• How to complete this task: With the pictures removed, the data below must be transcribed in full and exactly.

• Supplied information:
────────────────

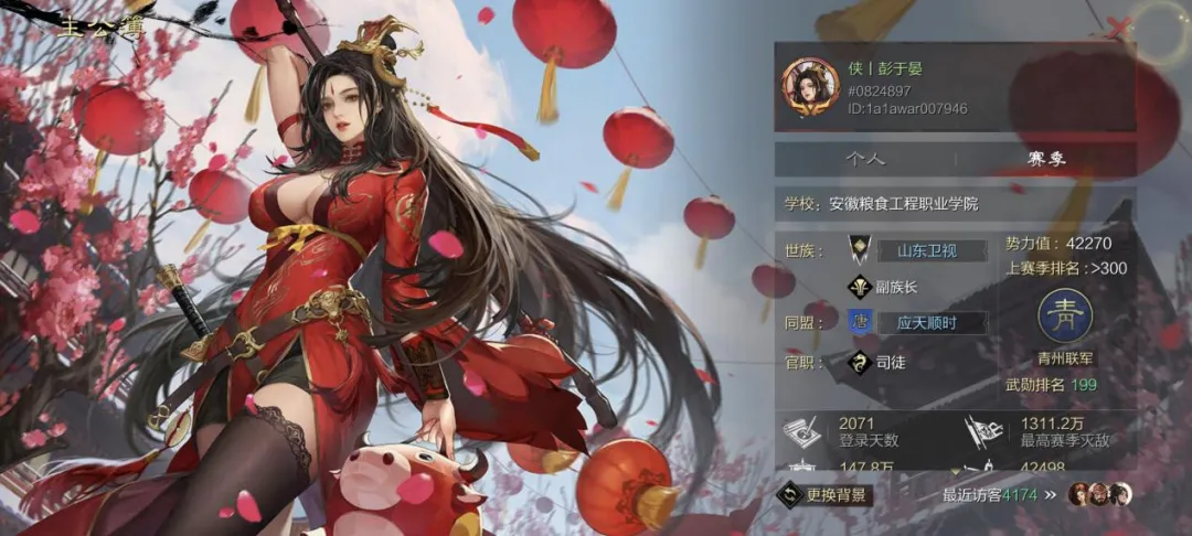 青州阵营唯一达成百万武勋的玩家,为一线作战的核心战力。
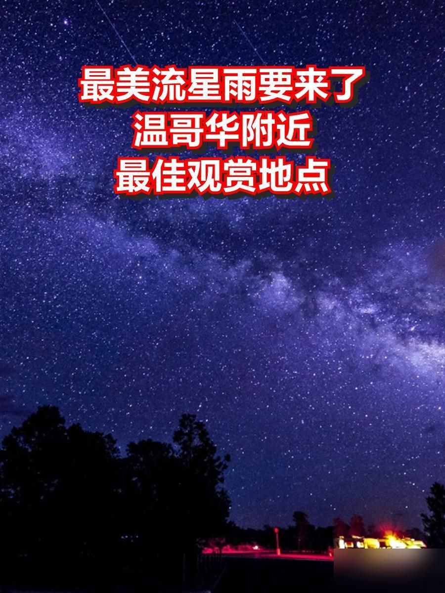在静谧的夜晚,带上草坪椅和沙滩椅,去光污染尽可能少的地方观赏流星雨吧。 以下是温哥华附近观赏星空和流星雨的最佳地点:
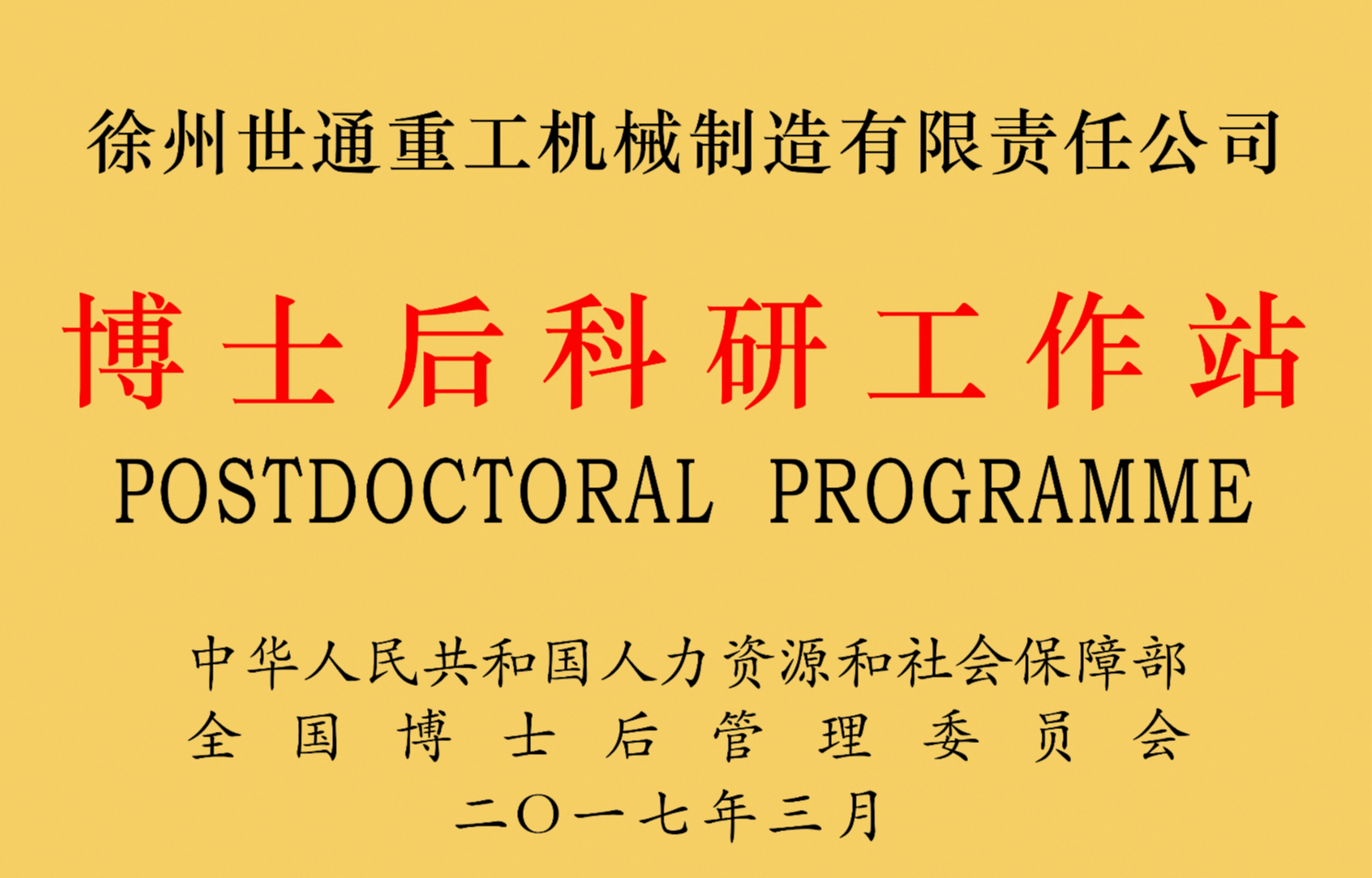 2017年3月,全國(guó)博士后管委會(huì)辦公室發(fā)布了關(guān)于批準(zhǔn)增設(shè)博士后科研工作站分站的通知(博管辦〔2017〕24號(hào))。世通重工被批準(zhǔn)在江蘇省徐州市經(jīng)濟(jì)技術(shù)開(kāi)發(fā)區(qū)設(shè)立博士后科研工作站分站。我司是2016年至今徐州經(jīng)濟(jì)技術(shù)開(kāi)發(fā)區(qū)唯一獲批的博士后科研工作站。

────────────────

• Exercise output:
 青州阵营唯一达成百万武勋的玩家,为一线作战的核心战力。
在静谧的夜晚,带上草坪椅和沙滩椅,去光污染尽可能少的地方观赏流星雨吧。 以下是温哥华附近观赏星空和流星雨的最佳地点:
 2017年3月,全國(guó)博士后管委會(huì)辦公室發(fā)布了關(guān)于批準(zhǔn)增設(shè)博士后科研工作站分站的通知(博管辦〔2017〕24號(hào))。世通重工被批準(zhǔn)在江蘇省徐州市經(jīng)濟(jì)技術(shù)開(kāi)發(fā)區(qū)設(shè)立博士后科研工作站分站。我司是2016年至今徐州經(jīng)濟(jì)技術(shù)開(kāi)發(fā)區(qū)唯一獲批的博士后科研工作站。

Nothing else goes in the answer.